I suspect it is issue with your router. Try opening ports 14100-14105 on your router and forward to your OMV. If that works it is issue with your router.

A bit of theory first Active/passive only matters for establishing connections for file transfers, AFTER the main command connection is established.

In Active mode for server (and passive for client), the client tells the server "get ready, I want to get that file". The server opens a new TCP socket in listening mode on a port in the active range, and waits. The client initiates the TCP connection towards the server; once established, it saves the data stream. This presumes that the server CAN be reached via direct TCP connections on that port range.

The Passive mode for server (and active for client) goes the other way around. The client opens a TCP socket in listening mode, then sends a command to the server "send me that file, this is my IP and port". The server then initiates an outgoing TCP connection towards the client; once established, it pumps the data through, and the client saves it.

A passive-to-passive connection will not work at all: neither part can initiate the TCP connection towards the other. Or, to be more accurate in the explanation, neither system can be reached on an open TCP port in listening mode because a router or firewall is preventing that incoming connection. At least one end must be active (ports visible through port forwarding or firewall exceptions).

Considering the fact that clients can be connecting from a variety of networks and through various routers which may block incoming connections towards them, the assumption is that clients' ports are filtered, so they can't be active. It's much easier to make the server active through firewall/router configuration, than to ask every client to do that and become active.

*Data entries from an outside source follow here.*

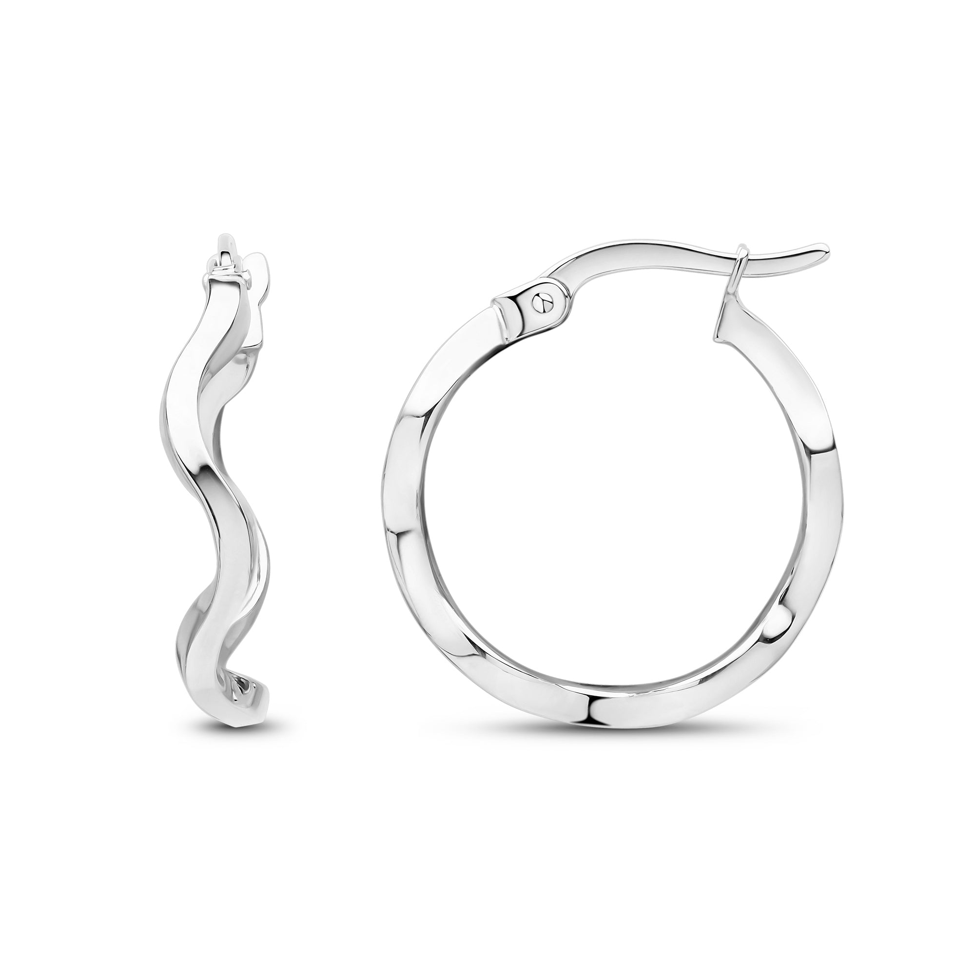 9CT White Gold Round Polished Wavy Hoop Earrings 18mm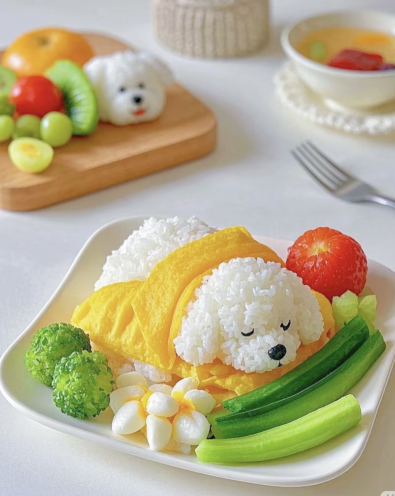 Decorative Rice Dish | ["rice","egg","broccoli","cucumber","strawberry"] | ["rice:200g","egg:50g","broccoli:100g","cucumber:100g","strawberry:50g"] | |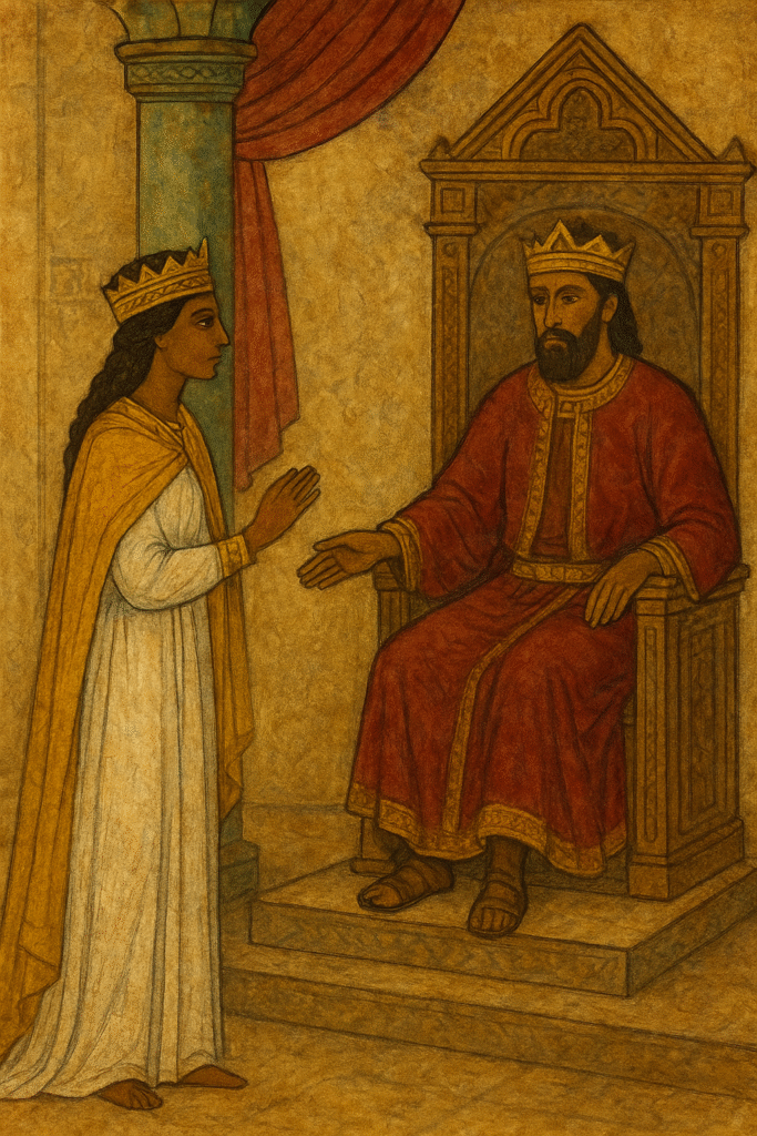 Quando o povo entrega o trono ao libertador, e este o aceita apenas até a maturidade de sua filha Makeda, revela-se outro princípio essencial do cristianismo: o poder como serviço, e não como domínio. Makeda, futura Rainha de Sabá, encarna a continuidade da luz após a queda das trevas. Sua ascensão representa o início de uma nova era — a do saber, da diplomacia e da fé.

Now, the issue you seem to have is two steps behind file transfers: external clients can't connect to your server AT ALL. Not even for that initial connection for exchanging commands. That is clearly an issue for the router, and possibly another router or firewall upstream.

Tips:
- Most ISPs block standard ports for services (21=ftp, 25=smtp, 80=http etc.) in case the customers' computers become compromised without their knowledge. You should configure your FTP server to use a different port for command connections, in a higher range (above 1024). Change the listening port from 21 to something else - say, 20021, and forward that in your router.
- Tests performed through your local network (on the same network as the servers) are not relevant at all. If you try to connect to the server through your router's public IP, the connection will go from LAN to the router to its external IP, then the router would be supposed to forward it back to the server in the LAN. This will not work, due to anti-spoofing mechanisms built into most modern routers (the router doesn't know if the connection it receives on its WAN port is really originating from the LAN, or someone else on the Internet is faking its IP as originating from the internal network to gain unauthorised access). You really have to perform the test from a remote system.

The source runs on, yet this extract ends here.